From the results of Table 5 above, when NO is reduced with methane (reducing agent), the NO conversion rate at a low temperature of 250 ° C. where the reaction temperature is less than 400 ° C. is the Pd / H of Example 1 as a reduction catalyst. ₃ PW ₁₂ O ₄₀ / SiO ₂ is the highest, then H ₃ PMo ₁₂ O ₄₀ example 6, it is found to be a sequence of H ₄ SiW ₁₂ O ₄₀ of example 7.

  According to the present invention, when a nitrogen oxide, particularly a nitrogen oxide in which oxygen coexists or a nitrogen oxide in which oxygen and water vapor coexist is subjected to a reduction reaction using methane as a reducing agent, it is highly active at a relatively low temperature (less than 400 ° C.). It is possible to provide a catalyst useful for removing nitrogen oxides from combustion exhaust gas discharged from various combustion apparatuses such as boilers and automobile engines (combustors).

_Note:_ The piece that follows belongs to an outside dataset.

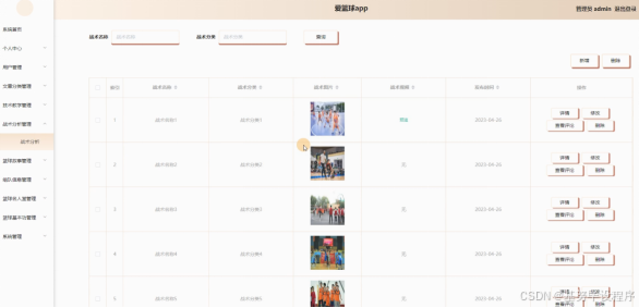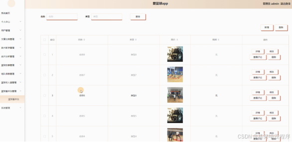 管理员点击篮球基本功管理。在篮球基本功页面输入名称和类型进行查询,新增或删除篮球基本功列表,并根据需要对篮球基本功详情信息进行查看详情,修改,查看评论或删除操作;如图5-15所示。

  According to the present invention, nitrogen oxides, particularly nitrogen oxides coexisting with oxygen, or nitrogen oxides coexisting with oxygen and water vapor, are subjected to a reduction reaction at a relatively low temperature (less than 400 ° C.) using methane as a reducing agent. Therefore, it is possible to provide a method for removing nitrogen oxides that can be applied to the treatment of combustion exhaust gas discharged from various combustion devices such as boilers and automobile engines (combustors).

Claims (7)

A carrier to porous silica was supported heteropoly acid, the presence of a reducing catalyst comprising a supported palladium in the carrier, methane at 250 to 350 ° C. The nitrogen oxides in the presence of oxygen as a reducing agent A method for removing nitrogen oxides, characterized by carrying out a reduction reaction. The method for removing nitrogen oxides according to claim 1, wherein the porous silica has a specific surface area of 100 m ² / g or more. The _{heteropolyacid, H 4 SiW 12 O 40,} H 3 PMo 12 O 40 or H ₃ PW ₁₂ removing method of claim 1 nitrogen oxides, wherein the O is _40.   The method for removing nitrogen oxides according to any one of claims 1 to 3, wherein the heteropolyacid is supported on the porous silica in a range of 20 to 40 wt% with respect to the total amount of catalyst.   5. The method for removing nitrogen oxides according to claim 1, wherein the palladium is supported on the carrier in a range of 0.1 to 10 wt% with respect to the total amount of catalyst.   2. The nitrogen oxide according to claim 1, wherein the methane is supplied to the nitrogen oxide reaction field in a molar ratio of methane: nitrogen oxide of 0.5: 1 to 10: 1. Removal method.   The method for removing nitrogen oxide according to claim 1, wherein 5 to 20 mol% of water vapor is further present in the reaction field of nitrogen oxide.